What is the fastest way of converting records holding only numeric data into fixed with format strings and writing them to a file in Python? For example, suppose record
is a huge list consisting of objects with attributes id
, x
, y
, and wt
and we frequently need to flush them to an external file. The flushing can be done with the following snippet:
with open(serial_fname(), "w") as f:
for r in records:
f.write("%07d %11.5e %11.5e %7.5f\n" % (r.id, r.x, r.y, r.wt))
However my code is spending too much time generating external files leaving too little time for doing what it is supposed to do between the flushes.

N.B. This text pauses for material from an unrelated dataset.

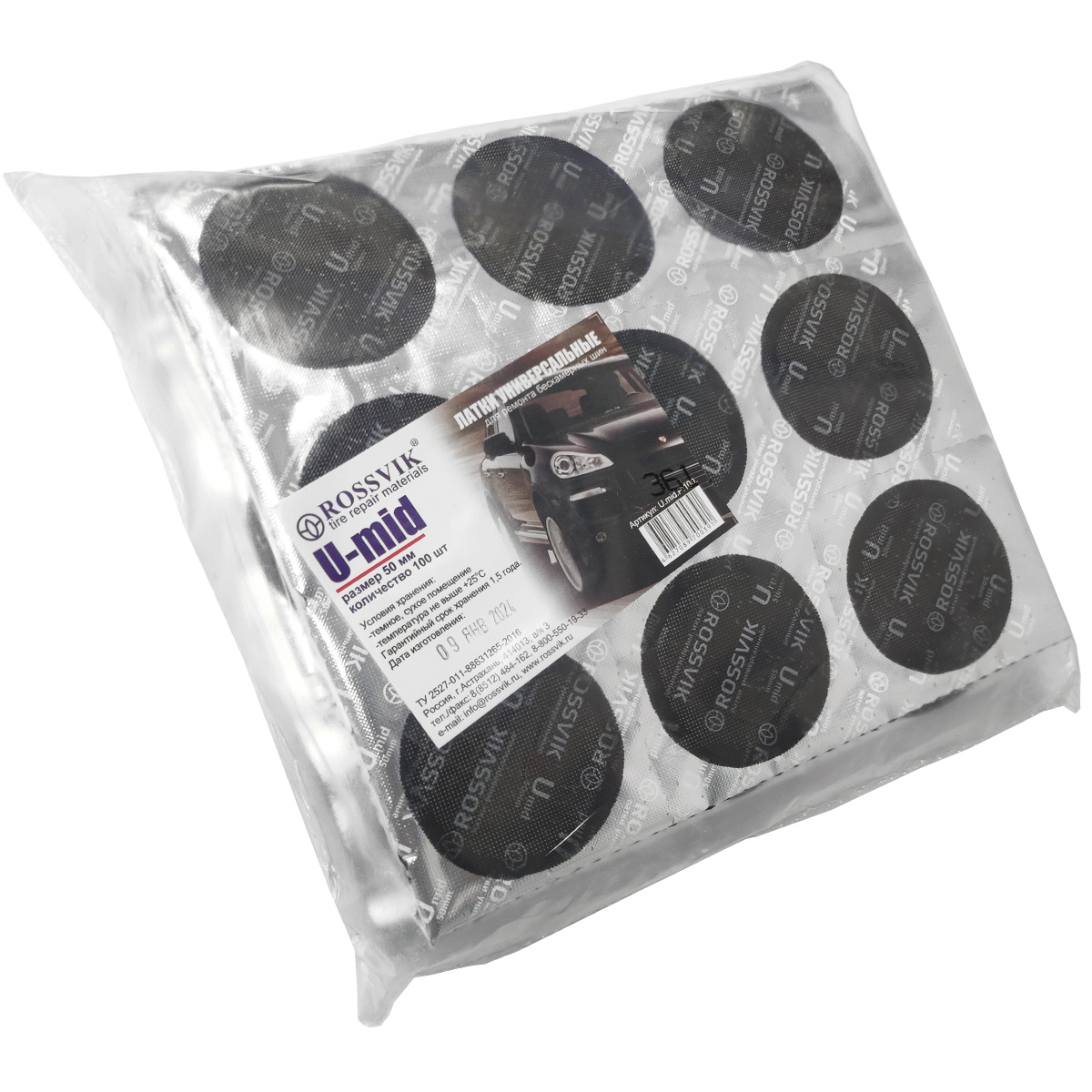 Универсальные круглые заплатки Rossvik (U-mid) применяются для ремонта любых шин радиального и диагонального типа. С омощью этиъ латок можно отремонтировать повреждение в любом месте протектора или боковой порез на покрышке легкового автомобиля, сельскохозяйственной техники, грузового пассажирского транспорта.

Amendmend to the original question:
I ran into this problem while writing a server software that keeps track of a global record set by pulling the information from several "producer" systems and relays any changes to the record set to "consumer" systems in real-time or near real-time in preprocessed form. Many of the consumer systems are Matlab applications.
I have listed below some suggestions I have received so far (thanks) with some comments:
- Dump only the changes, not the whole data set: I'm actually doing this already. The resulting change sets are still huge.
- Use binary (or some other more efficient) file format: I'm pretty much constrained by what Matlab can read reasonably efficiently and in addition to that the format should be platform independent.
- Use database: I am actually trying to bypass the current database solution that is deemed both too slow and cumbersome, especially on Matlab's side.
- Dividing task to separate processes: At the moment the dumping code is running in its own thread. However because of the GIL it is still consuming the same core. I guess I could move it to completely separate process.